# Asrabey - which version? (spoilers of course)



## Ulrik (Oct 2, 2011)

What are the pro and cons of running Asrabey as lvl 20 vs lvl 2? I had originally planned to run him as level 2 for a longer, hopefully more interesting fight, but I see that quite a few have run him as lvl 20. It might be fun to really give the PCs the impression that they took down somebody far, far more powerful than they were, but only because he was so beaten up. The lvl 2 version risks being "just another solo".

The benefit of the lvl2 version is of course a longer fight, and with my last session ending with the warlord yelling "attack!" and charging him, it might be a very short session with lvl 20. I'm hoping to draw the session out with that fight and then cleanup and wrapping up the story so we start adventure 2 the session after.


----------



## Colmarr (Oct 3, 2011)

I'm going with the level 2 version, primarily because I'm hoping Asrabey will make a comeback later in the AP and I think it'll be more memorable if the PC's have had to all it out with him the first time round.

I'm actually not expecting it to be too much of a grind. My party's thief dishes out approximately 20 damage per hit,  and the knight does an average of 10. Once the other PCs pull out dailies and encounter powers, I expect Asrabey's 180 up to last just the right amount of time.

My only real concern is that the monk's player might be bored during the solo fight. I'm considering giving Asrabey some sort of item or power that allows him to summon minions.


----------



## Ajar (Oct 3, 2011)

I ran Asrabey with the level 20 stats. I kept the duchess and the golem at level 15, and the golem actually ended up making an attack roll. So I wanted to be consistent; there are powerful forces at work in Zeitgeist and if you run afoul of them then you face the brunt of their might. 

I also have a reputation for not "pulling my punches" as a DM, and when I talked with my players about it afterward they said they would have been disappointed if I'd done it the other way. So it was the right decision for my group.


----------



## gideonpepys (Oct 3, 2011)

I keep meaning to post a full report on how my group handled _Island..._, in case it helps anyone to run the adventure.

Asrabey's level is one of the key decisions, I think.  I went with the level 20 version of Asbrabey.  But, then, I know my party, and one of them is an eschatologist...

Funnily enough, our assassin rolled a crit at the start of the combat.  After all the build-up I was seriously concerned that this would take Asrabey out in one blow (until another player reluctantly reminded me that a crit doesn't count as a crit unless it was enough to hit the target ordinarily; otherwise it counts as a regular hit).

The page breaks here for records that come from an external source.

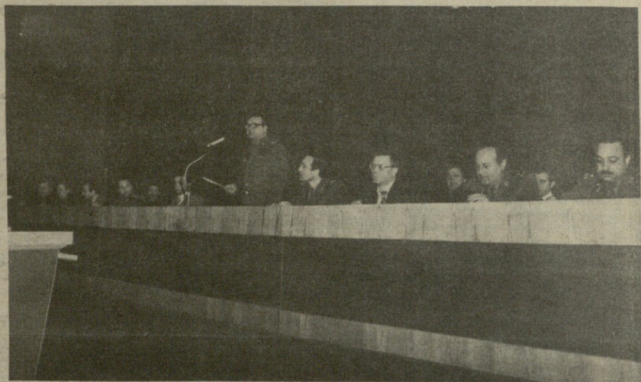
НА СНИМКАХ: участники семинара-совещания направляются к памятнику В. И. Ленина; открытие семинара-совещания.
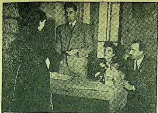
Inminarea brevetelor și insignelor de „Prieten al cărții” la biblioteca raională din Botoșani

nouă în ajutorul participanților la concurs au fost organizate și conferințe asupra vieții și operei unor anumiți scriitori din bibliografia concursului.
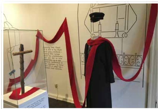
Kaj Munks præstegård.

sen af gudsforladthed hører nemlig med til et menneskeliv.
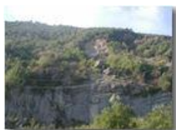
La vecchia frana di M. Maggio

Pietro Marcheselli - Olympus Camedia 3000 <2001 - Estate - Savignone - Fiori&Fauna
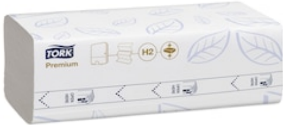
PREM MFLD TWL COMPRESD 1P WH 12 /200 420590
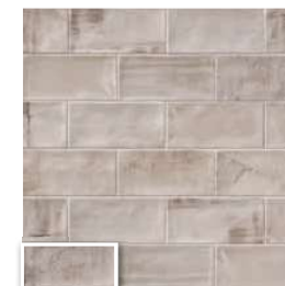
VERONA 10 GRIS 10x20 (M 190) 4"x8"
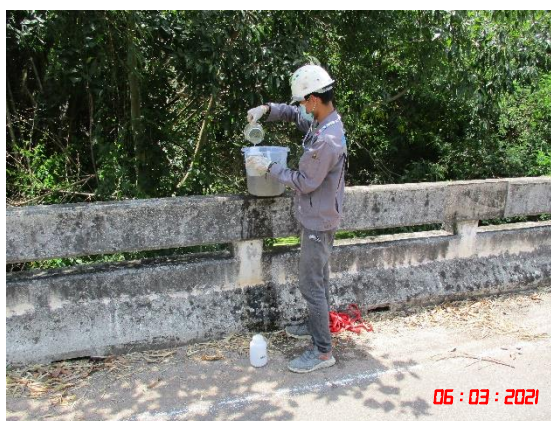
ห้วยอ่างทองหลังไหลผ่านออกใกล้โครงการ
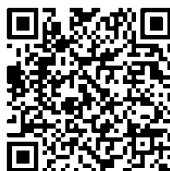
QR Platba - Misie

P.S. Omlouváme se všem, na které jsme zapomněli. Nebyl to úmysl.
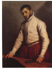
Giovanni Battista Moroni, Le tailleur, 1653

Mais le portrait « au naturel », sans (grand) appareil, revêtait également une signification sociale du fait que la vogue du portrait gagna progressivement un nouveau public, bourgeois, voire plus modeste.
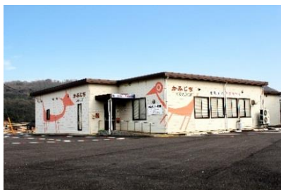
青谷上寺地遺跡展示館

また、伝統工芸品である「因州和紙」の展示見学や紙漉き体験ができる「あおや和紙工房」もあり、この地ならではの歴史や文化を知ることができます。
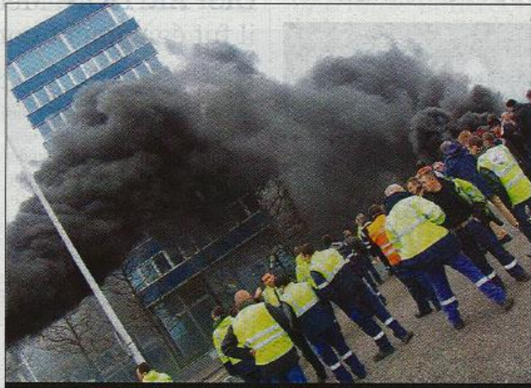
Un panache de fumée au pied du GPMH, une image presque oubliée

« Nous ne sommes pas entendus sur nos revendications qui sont pourtant légitimes. Nous demandons l'application de la revalorisation salariale dans le cadre des

Still, Asrabey lost 3/4 of his hit points in one go, and then dropped one character after another until our dwarven nihilist used Icy End of the Earth on him.

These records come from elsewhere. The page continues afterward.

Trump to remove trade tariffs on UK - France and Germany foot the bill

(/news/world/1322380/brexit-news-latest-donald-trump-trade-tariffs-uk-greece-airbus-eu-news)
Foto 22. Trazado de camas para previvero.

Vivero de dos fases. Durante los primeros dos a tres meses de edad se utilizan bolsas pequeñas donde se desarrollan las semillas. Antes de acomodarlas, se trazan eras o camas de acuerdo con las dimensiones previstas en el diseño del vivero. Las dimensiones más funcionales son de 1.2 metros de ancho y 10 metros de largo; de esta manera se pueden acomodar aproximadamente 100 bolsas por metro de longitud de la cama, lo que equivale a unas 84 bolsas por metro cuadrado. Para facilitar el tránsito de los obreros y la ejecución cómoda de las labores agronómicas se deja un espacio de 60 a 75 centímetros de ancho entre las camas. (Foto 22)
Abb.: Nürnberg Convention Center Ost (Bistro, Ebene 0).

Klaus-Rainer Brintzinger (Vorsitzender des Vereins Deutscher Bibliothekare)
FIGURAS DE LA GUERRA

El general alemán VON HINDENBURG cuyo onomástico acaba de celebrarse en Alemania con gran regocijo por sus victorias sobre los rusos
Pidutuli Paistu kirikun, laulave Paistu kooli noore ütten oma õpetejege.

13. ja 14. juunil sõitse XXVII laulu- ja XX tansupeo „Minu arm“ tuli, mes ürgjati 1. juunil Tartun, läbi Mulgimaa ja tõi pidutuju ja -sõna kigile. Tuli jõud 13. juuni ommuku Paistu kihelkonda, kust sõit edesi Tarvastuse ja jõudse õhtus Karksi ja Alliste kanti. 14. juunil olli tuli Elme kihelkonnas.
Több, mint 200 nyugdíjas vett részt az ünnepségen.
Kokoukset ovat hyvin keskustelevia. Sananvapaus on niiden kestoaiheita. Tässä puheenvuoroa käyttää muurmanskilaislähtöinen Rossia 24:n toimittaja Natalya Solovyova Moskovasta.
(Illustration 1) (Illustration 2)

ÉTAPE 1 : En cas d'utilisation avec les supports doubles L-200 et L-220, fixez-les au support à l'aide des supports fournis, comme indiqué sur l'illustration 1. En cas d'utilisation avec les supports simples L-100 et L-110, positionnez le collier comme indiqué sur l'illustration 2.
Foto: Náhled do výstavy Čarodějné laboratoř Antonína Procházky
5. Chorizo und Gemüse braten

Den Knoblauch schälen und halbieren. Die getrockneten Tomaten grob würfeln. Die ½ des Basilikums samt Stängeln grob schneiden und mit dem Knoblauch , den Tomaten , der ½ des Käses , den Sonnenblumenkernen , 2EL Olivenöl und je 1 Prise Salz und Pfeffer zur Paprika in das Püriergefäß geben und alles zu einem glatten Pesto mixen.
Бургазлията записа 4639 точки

I enjoyed the squaring of a level 1 party against a level 20 foe, and I think most players will too.  A TPK can easily be avoided, even if Asrabey wins.  (His mission is to kill the Duchess and any of her force that stands in his way.  Danorans don't matter to him either.  But loyal servants of the King of Risur?  That's a different matter!   More fool your players if they don't declare their identity before engaging...)


----------



## DonTadow (Oct 3, 2011)

I ran him at level 20 and agree with the previous caller. The PCs need to know their place. The promotion to alpha team gave my people big heads, but they needed to know their the alpha team for their region for just lack of people and being in the right place at the right time. 

Asbury barely lifted a finger though at level 20.  The PCs opted to negotiate and were tricked by him, they went to get him the boat, as they were walking to the docks he dropped the duchess 100 ft in front of hte party as he headed to the teleporter. One pc managed to catch him (an elf barbarian with ex retreat) and Asb pretty much beat the crap out of him until the others arrived. A few good diplomacy rolls and the pcs did manage to get Nathan away from Asbury to keep peace.


----------



## Ulrik (Oct 5, 2011)

Seems like most of you went with level 20 and are happy. That only makes it harder for me 

I'm leaning towards the lvl 2 version for three reasons:
- In my mind level and 'leetness' (minion/standard/elite/solo) is a pure game concept related to the PCs level. By that I mean that a given monster can be a high level minion, or a lower level standard, or even lower level elite, or a very low-level solo. It helps if I want to use a monster at non-standard levels, like throwing a mind flayer (level 16 or so) at a level 12 party - he's a level 12 elite or solo instead. Using Asrabey at 20 breaks this
- Time. This is going to be the only combat encounter for the night, so I think it's more fun if it lasts a bit.
- I'm more unsure of this, but I worry that my players will find the situation hopeless when they roll an 18 and miss. I might be underestimating them, but it could be a concern.


And versus all this are all the positive reports of using the level 20 version. Damn you all!


----------



## gideonpepys (Oct 5, 2011)

The internal logic of my game matters little to my players.  The sheer bravado of going up against a level 20 monster at level 1 very much appealed to them, though.

And only the 'hopeless' roll of an 18 - or in our case (see account above), the fact that a 20 wouldn't ordinarily have hit - confirms Asrabey as truly out of their league.  There was a frisson of excitment at that point!  

Okay, so he blows up a Risuri ship and carves his way through two armies, but players are an arrogant breed and they naturally assume he will be a level 2 solo, or whatever.

If you are worried it will be the only combat, my advice would be to mitigate against that and develop something else.


----------



## LightPhoenix (Oct 5, 2011)

Ulrik said:


> What are the pro and cons of running Asrabey as lvl 20 vs lvl 2?




Basically, there are two things to consider:

1) What is the style of fight you want?  If you want it to be a full encounter, then run Level 2 Asrabey.  If you're looking for a short skirmish, or want the PCs to be outclassed, run Level 20 Asrabey.  The high-level Asrabey is still fairly beatable.  A few lucky rolls and/or plenty of re-rolls will still allow the players to hit occasionally.  What they should _really_ be doing is blowing everything that does damage or has an effect on a miss.

2) What is your party's makeup?  Asrabey is pretty much guaranteed to hit any character he wants.  The question is if your group is capable of damage mitigation and the aforementioned total carnage (damage on miss) technique.  If they're poor at both of these, Level 2 Asrabey might be a better encounter in case they decide to provoke combat.  On the other hand, if they can do both well, then go ahead with Level 20 Asrabey; it shouldn't be that difficult for them.


----------